It’s crunch time! The June administration of the LSAT is a mere 5 days away and many people thinking about test day are wondering: Should or shouldn’t I take the exam? How should the decision be made?
It is important to distinguish between real factors and totally subjective factors. It is not unusual to feel a bit of panic at this point. It is a common reaction of many prospective test-takers to key in on the one question, game or passage that did not go well and think that is indicative of test day performance. At this point, be sure to take a critical and objective view of your practice. If one test/section differs markedly from others, see what else might have been different – often, different results can occur if a practice test is taken too early or late in the day or on too little sleep.
Take an honest appraisal of strengths and weaknesses. It is possible to score very well and not answer every question and/or get some questions wrong. Logical reasoning accounts for about 50% of the LSAT score, and of those points, assumption family questions are half of the logical reasoning section, and about 25% overall of the LSAT score. Strong performance on assumption family questions – assumptions, strengthen, weaken and flaw questions – is critical for test day success. A high percentage of correct answers on inference questions is also critical. While question types such as paradox and main point are useful for a high score, difficulty with these less common questions will not necessarily result in a poor score.
It is not uncommon to see score increases of up to 5 points in the last few days before test day as continue practice leads to increased proficiency. While greater score increases can happen, it is rare. In addition, faced with the pressure of test day some students reported additional score increases. If you are close to your target score then it would make sense to take the LSAT as planned. Even if the score is somewhat off the mark it might still be a good option to take the official LSAT under test like conditions. It is hard to quantify the amount of stress that individual test takers experience on test day as well as the effect of the stress of other people in the room. Taking the exam would give you good experience that would undoubtedly translate into higher points the next time around.

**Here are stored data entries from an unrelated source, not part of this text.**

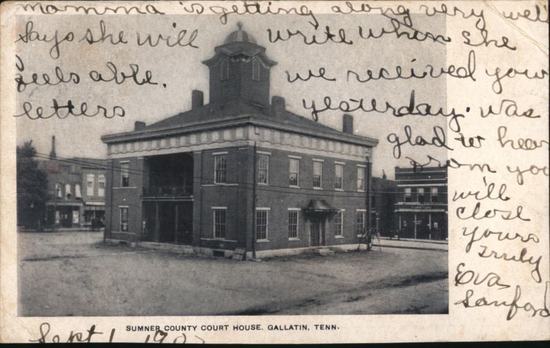 Exterior view of the Sumner County Court House in Gallatin, Tennessee. The two-story brick building features a prominent central tower, a classical entablature, and a covered second-story porch. Other period buildings are visible in the background along an unpaved street. A handwritten message from 'Eva Sanford' dated 'Sept 1 1907' is on the front. |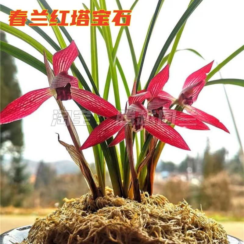 名贵兰花苗春兰红塔宝石浓香好养红花室内客厅茶室好养绿植花卉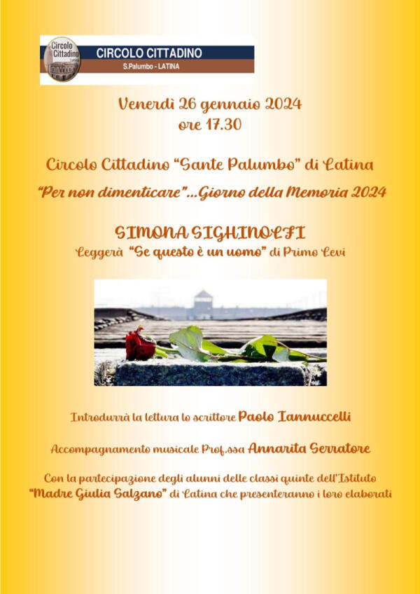 Giornata della Memoria a Latina: l'attrice e regista Simona Sighinolfi legge “Se questo è un uomo” di Primo Levi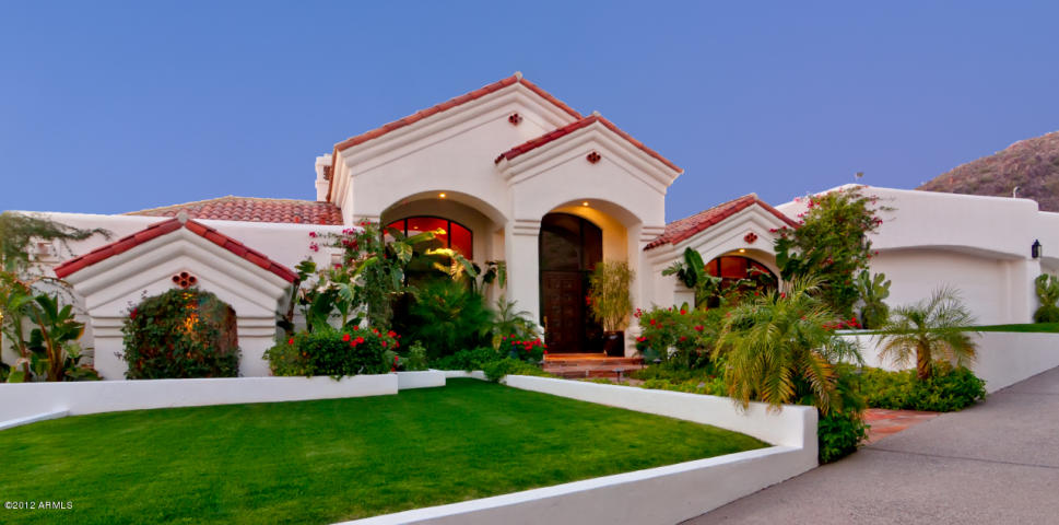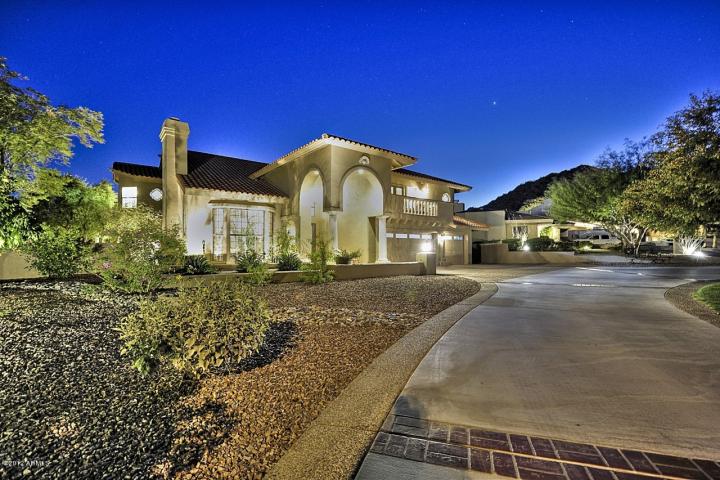 Spectacular city & mountain views from every room of this luxurious property. Home features fabulous interior courtyard w/cantera fireplace & fountain. Extensive West facing covered patios w/fireplace, firepit & bbq. 6 car garge w/gated motor court. Gourmet kitchen is equipped w/the finest of appliances, featuring Wolf, Sub Zero, & Miele, to complement the magnificent cabinetry, granite counters & 2 islands. Dream master suite w/private exit to back patio. Each of the remaining 4 bedrooms has its own private bath. Attached casita w/private entry can serve as office, guest suite or sewing room. Home theater room w/wet bar. Family room & theater room have glass wall opening to patio. Take in the sunset’s views from this spectacular pool & spa setting. One of a kind exclusive custom home. CALL FOR MORE INFO OR PRIVATE SHOWINGS 480.458.8007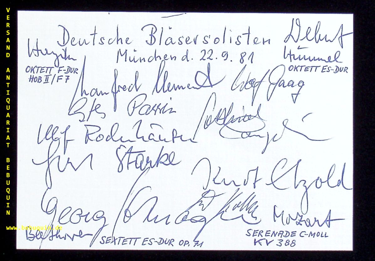 DEUTSCHE BLÄSERSOLISTEN.– CLEMENT, Manfred + PASSIN, Günter + RODENHÄUSER, Ulf + STARKE, Gerd + GAAG, Wolfgang + LANGENSTEIN, Gottfried + ETZOLD, Kurt + KOLBINGER, Kael + HÖRTNAGEL, Georg: eigenhändig von allen signierte und datierte Autogrammkarte. München (Philharmonie), 22.9.1981. 10,5 x 14,5 cm. 2 Bl. Zu den Deutschen Bläsersolitsten haben sich ausschließlich erste Solisten führender deutscher Sinfonieorchster zusammengefunden. z.B.: Wolfgang Gaag (* 1943 in Waldsassen) ist ein deutscher Hornist. Er war Professor für Horn an der Hochschule für Musik und Theater München und ist Gründungsmitglied im Ensemble German Brass. Er ist Träger der Ehrenmedaille der Musikhochschule München. (Wikipedia)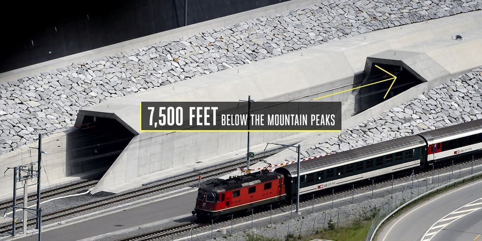 Самый длинный и глубокий железнодорожный тоннель в мире проходит прямо сквозь швейцарские Альпы. Его строительство продолжалось почти 20 лет, однако открыли его лишь в 2016 году. Это позволило отправлять прямые рейсы (пассажирские и грузовые) между Цюрихом и Миланом, теперь от одной локации до другой можно добраться всего за 2 часа 50 минут. Длина тоннеля составляет 57,1 км (включая служебные и пешеходные ходы — 153,4 км), а расстояние от горных вершин до его стен — 2280 метров.

Finally, with the October test a little more than 3 months away, taking the June test will provide fairly accurate information on strengths and weaknesses. If necessary, there is enough time to prep for the next LSAT without negatively impacting on applications for fall of 2014.
Remember that LSAC provides the opportunity to withdraw your LSAT registration. It is possible to withdraw without penalty, and without a refund, up until midnight, Eastern Time, Sunday night.